Required action – What's wanted here is the full listing below, repeated exactly, with no images in it.

Recorded data –
<<<<
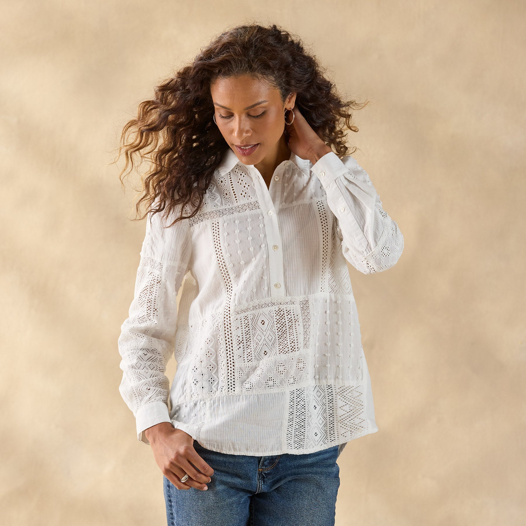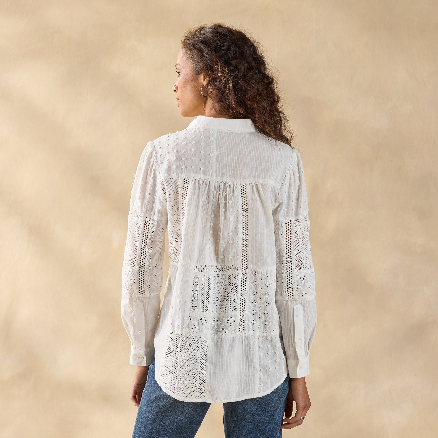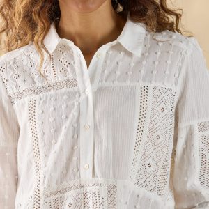 Lace and eyelet patchwork details create a melody of beauty on our oh so feminine relaxed fit top with ruching at the front yoke. collar with henley placket and shirttail hem. Cotton/Other Fiber. Hand wash. Imported. Exclusive. Sizes XS (0–2). S (4–6). M (8–10). L (12–14). XL (16–18). XXL (20–22). Approx. 26.5l.
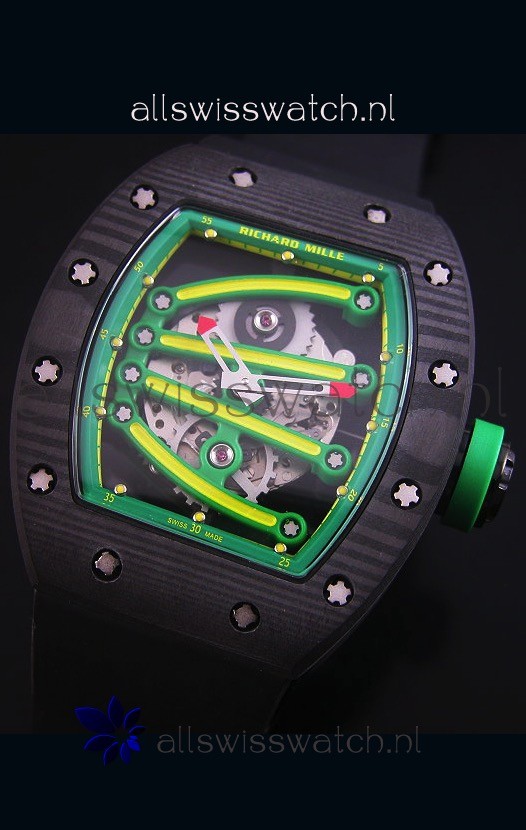 You're reviewing: Richard Mille RM059 Yohan Blake Forged Carbon Case Swiss Replica Watch in Green Bezel
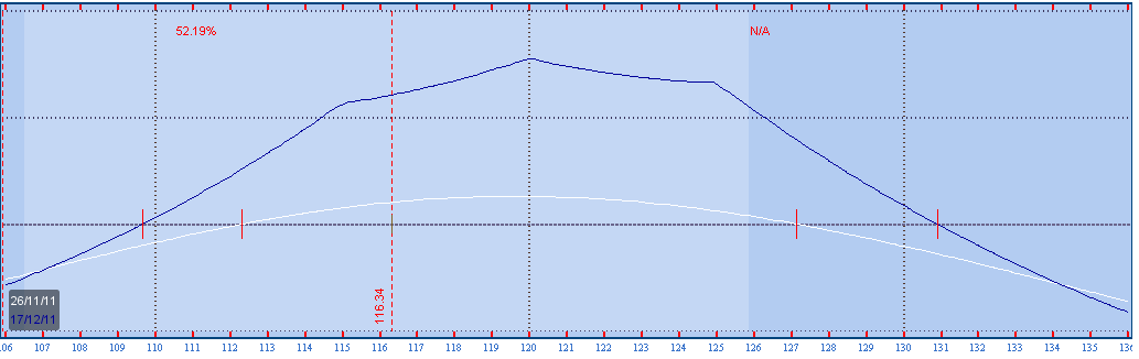 - Iniciar posiciones bajistas (delta negativo) ya mismo. Esta operativa tiene el inconveniente de que tendremos que aguantar el último impulso alcista que queda, que gracias a la confirmación de corto plazo, todo indica a que será un movimiento muy lateral. No creo que rompamos máximos. Si alguien se decide por esta gestión, sería conveniente introducir 1/2 de la posición ahora y 1/2 el próximo día 17.
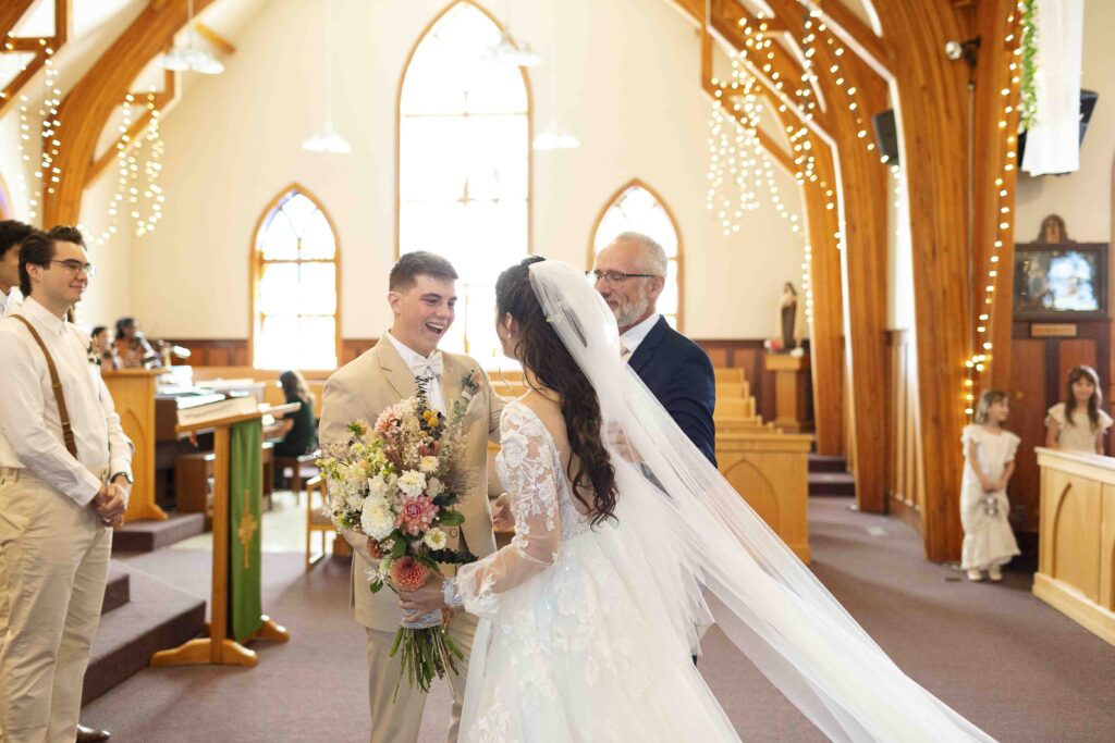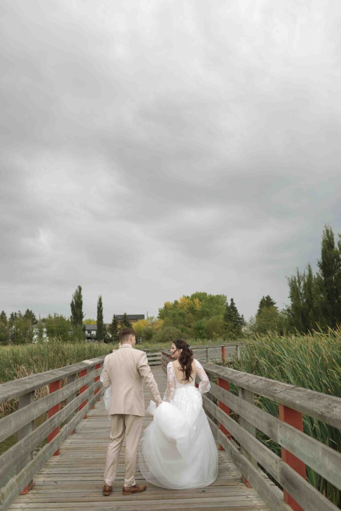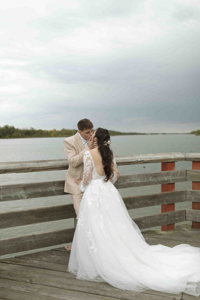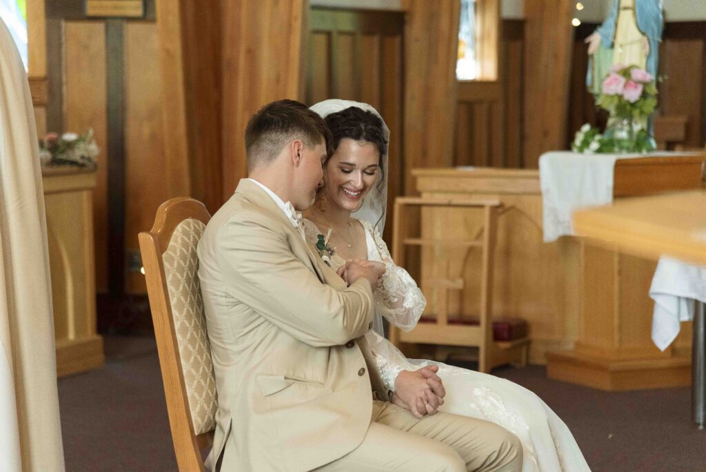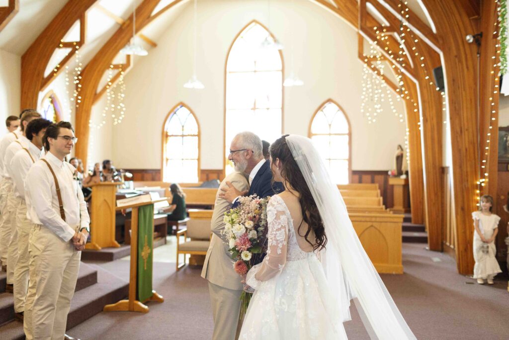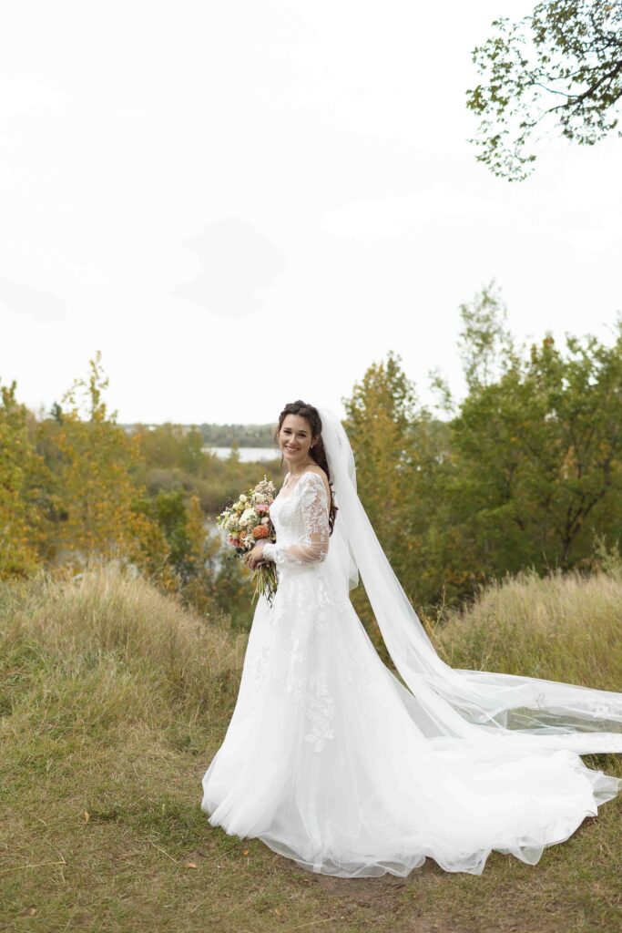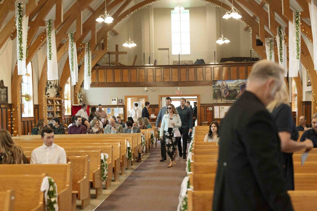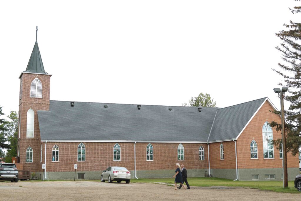 Lydia and Tim got married on a somewhat overcast, somewhat rainy, and completely perfect September day. The ceremony took place at St. Michael’s Catholic church in Leduc, Alberta. The beautiful little church sits right next to Telford Lake, making their wedding feel like something out of a romance movie.
>>>>
Written response –
 Lace and eyelet patchwork details create a melody of beauty on our oh so feminine relaxed fit top with ruching at the front yoke. collar with henley placket and shirttail hem. Cotton/Other Fiber. Hand wash. Imported. Exclusive. Sizes XS (0–2). S (4–6). M (8–10). L (12–14). XL (16–18). XXL (20–22). Approx. 26.5l.
 You're reviewing: Richard Mille RM059 Yohan Blake Forged Carbon Case Swiss Replica Watch in Green Bezel
 - Iniciar posiciones bajistas (delta negativo) ya mismo. Esta operativa tiene el inconveniente de que tendremos que aguantar el último impulso alcista que queda, que gracias a la confirmación de corto plazo, todo indica a que será un movimiento muy lateral. No creo que rompamos máximos. Si alguien se decide por esta gestión, sería conveniente introducir 1/2 de la posición ahora y 1/2 el próximo día 17.
 Lydia and Tim got married on a somewhat overcast, somewhat rainy, and completely perfect September day. The ceremony took place at St. Michael’s Catholic church in Leduc, Alberta. The beautiful little church sits right next to Telford Lake, making their wedding feel like something out of a romance movie.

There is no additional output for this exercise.